Can anyone tell me what is the correct procedure when one signs a
promessa and hands over their 10% deposit ? Some folk are saying that the
lawyer keeps the deposit in his client account until the deed signing has taken
place.

Others, have told me the exact opposite and that it is normal for the
lawyer to pass the deposit to the vendor at the promessa ??? Now if it is ok for
the lawyer to do this, what happens if the vendor next fails to complete ?
Surely your deposit could now be irrecoverable ?


----------



## silvers (Sep 22, 2008)

In my understanding the money goes to the vendor. If he then defaults and backs away from the sale, he is liable to refund you twice the amount back, if you back away, you lose the deposit. Bearing in mind he has a house for sale, he obviously has collateral. In the worst case, after court proceedings, which he would definitely lose, you would still get the money after the eventual sale of the house, if you no longer wanted it.


----------



## Mr.Blueskies (Feb 24, 2009)

Hi Silvers,

Thank you for your reply. Unfortunately, the situation that I have
got into seems to be more complex. Although I have agreed to pay the full
asking price, it has now come to light that the vendor has two mortgages on
this property. The price that I am paying is not sufficient for him to lift these
two mortgages. He is also trying to get a new line of credit to enable him to
achieve this and he also expects the bank to give him sufficient funds to
purchase a house in the Algarve. 

I am beginning to feel that he has been just stringing me along for
months now. I have had the money to complete since the beginning of June.
At this time he said that he just needed a few days to finalise things with his
bank. He has since given me two seperate dates for the signing which he has
both cancelled on some pretence that his bank is still not ready yet.

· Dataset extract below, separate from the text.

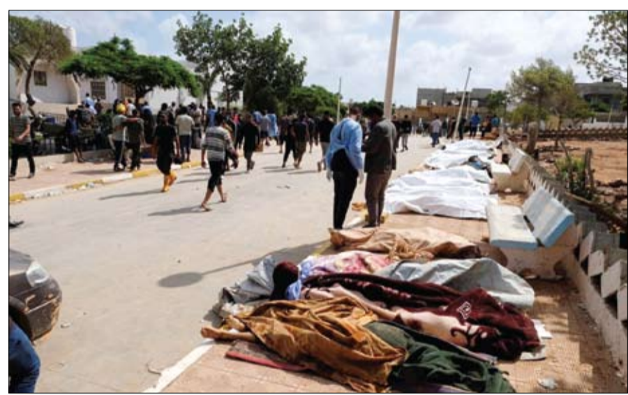
جثث ملقاة على الأرض خارج المستشفى في درنة، بعد عاصفة قوية وأمطار غزيرة ضربت ليبيا

ليبيا المدينة منطقة كوارث. ولا يزال الكثير من الجثث تحت الأنقاض في أحياء المدينة، أو جرفتها المياه في البحر. ونشر سكان درنة مقاطع مسجلة مصورة على الإنترنت تظهر الدمار الكبير وانهيار مبان سكنية بأكملها على طول وادي درنة، وهو وادي النهر الذي ينحدر من الجبال عبر وسط المدينة. كما انهارت مبان سكنية من عدة طوابق.

The problem is that I am in a rented house that I have to vacate at
the end of the month. There is also work that needs doing on the house that
I am purchasing. I had expected this work to be long finished by now, 
but everything is now totally messed up. I also have some items of furniture
stored at this house and more stuff that I have purchased is awaiting delivery.

I now believe that he has just used me to get a promessa 
agreement so that he could next go to the bank and use this to finance a new
line of credit. I believe that this has been rejected by the bank and this is the
reason why he is stalling for time. To make matters worse, he had yet to 
move his own stuff out and he asked me for the keys back two weeks ago so
that he could do so. Now I cannot gain access to deliver more stuff or to 
remove what I have already left there. The whole thing is a total mess.


----------



## silvers (Sep 22, 2008)

Lawyer time!


----------



## Mr.Blueskies (Feb 24, 2009)

I found this house myself and an estate agent that I felt was ok (I 
don't know now) I asked this guy to locate the vendor and talk to him about this
house which he did. After agreeing on a price, he next recommended a lawyer to
me. The deal we reached was this. The agent would receive a fee of 3% of the
purchase price. The vendor agreed that he would receive 97% of the asking 
price and that I would pay the agents 3%. The agent requested half of the fee
at the promessa and the balance at the signing. So he has got half already.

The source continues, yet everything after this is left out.